如何选择重复模式中的一系列元素

本文介绍了如何选择重复模式中的一系列元素的处理方法，对大家解决问题具有一定的参考价值，需要的朋友们下面随着小编来一起学习吧！ 问题描述

假设 4 行中有 12 个项目.

Let's say there are 12 items in 4 rows.

| 1 || 2 || 3 | | 4 || 5 || 6 | | 7 || 8 || 9 | | 10 || 11 || 12 |

我想选择和设置第 2 行和第 4 行的样式，我该怎么做?

I want to select and style 2nd row and 4th row, How do I do that?
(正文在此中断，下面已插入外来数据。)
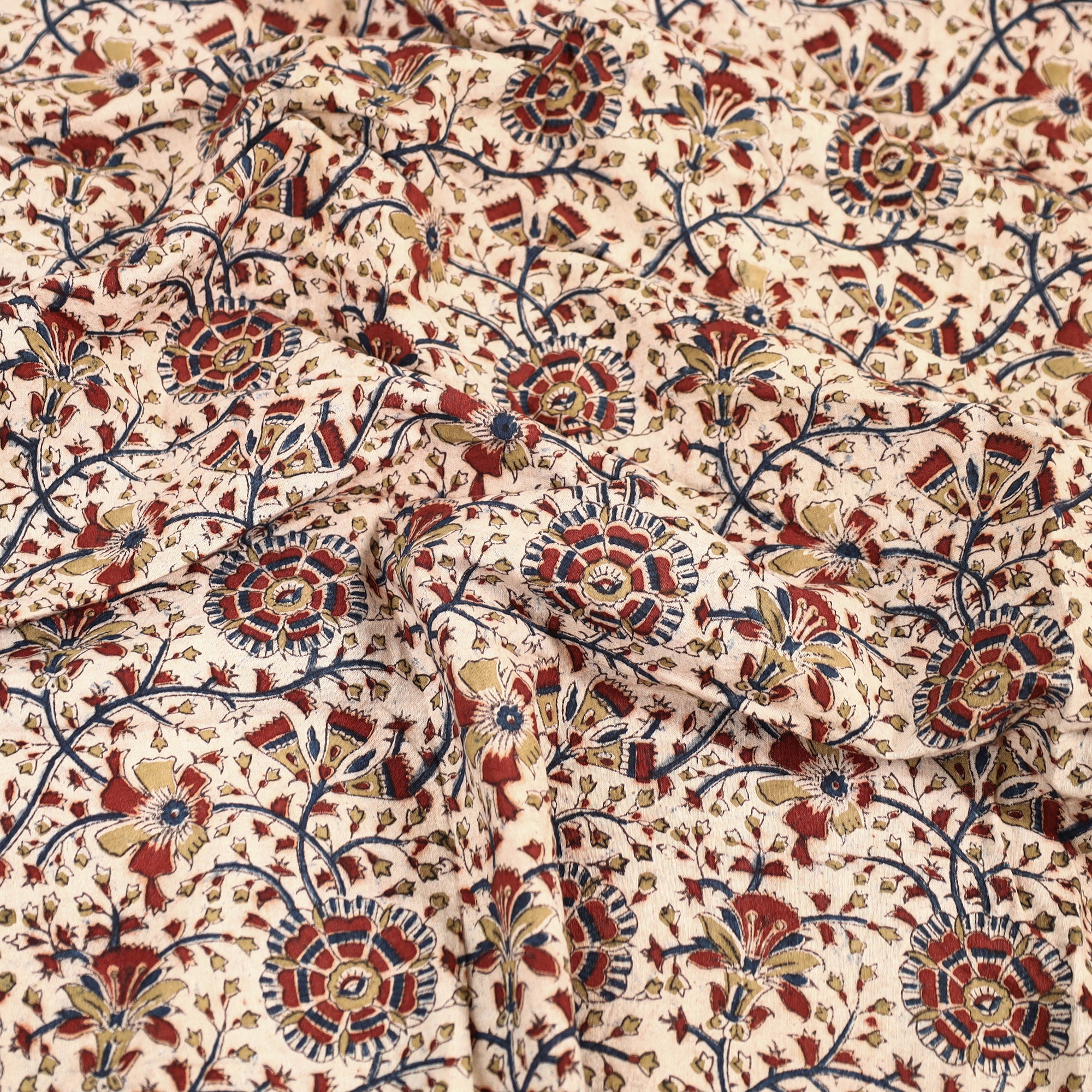 Kalamkari is a type of hand-painted or printed cotton fabric produced in Andhra Pradesh. This is a traditional printing method on cotton fabrics using natural materials without adding chemicals to cotton fabrics.

注意行不在不同的 HTML 元素中，实际上它们都是一个 ul li 元素.

Note that rows are not in different HTML elements, in fact they are all an ul li element.

预期结果:

| 1 || 2 || 3 | |--4---||--5---||--6---| | 7 || 8 || 9 | |--10--||--11--||--12--|

我试过玩这个:

li:nth-child(n+4)

它选择前三个之后的所有元素.然后我尝试了这个:

It selects all the elements after first three. Then I tried this:

li:nth-child(n+4):nth-child(-n+8)

这只会选择 4、5 &6 但我不能重复这个模式来选择 10、11 &12 也是.在 CSS 中是否有任何解决方案?

This only selects 4, 5 & 6 but I cant repeat this pattern to select 10, 11 & 12 as well. Is there any solution for this in CSS?

推荐答案

这是一个常见问题，但我想指出原因 :nth-child(n+4):nth-child(-n+6) 只匹配一个特定范围的元素，因为它只提供一个起点(n+4)和一个终点(-n+6).唯一可以大于或等于 4 且 小于或等于 6 的元素是 4、5 和 6，因此不可能使用相同的选择器匹配此范围之外的元素.添加更多 :nth-child() 伪代码只会缩小匹配范围.
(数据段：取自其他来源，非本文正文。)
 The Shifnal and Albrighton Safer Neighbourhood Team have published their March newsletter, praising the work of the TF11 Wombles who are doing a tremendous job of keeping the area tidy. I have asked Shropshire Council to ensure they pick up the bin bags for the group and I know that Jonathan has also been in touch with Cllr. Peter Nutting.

This is a commonly-asked question, but I wanted to point out that the reason :nth-child(n+4):nth-child(-n+6) only matches one specific range of elements is that it only provides a single start point (n+4) and a single end point (-n+6). The only elements that can be greater than or equal to 4 and less than or equal to 6 are 4, 5 and 6, so it's impossible to match elements outside of this range using the same selector. Adding more :nth-child() pseudos will only narrow down the matches.

解决方案是从列的角度考虑这一点，假设每行总是正好有 3 列(元素).您有三列，因此您需要三个 单独 :nth-child() 伪代码.第一列的元素 4 和 10 相距 6 个元素，因此所有 :nth-child() 伪代码的参数都需要以 6n 开头.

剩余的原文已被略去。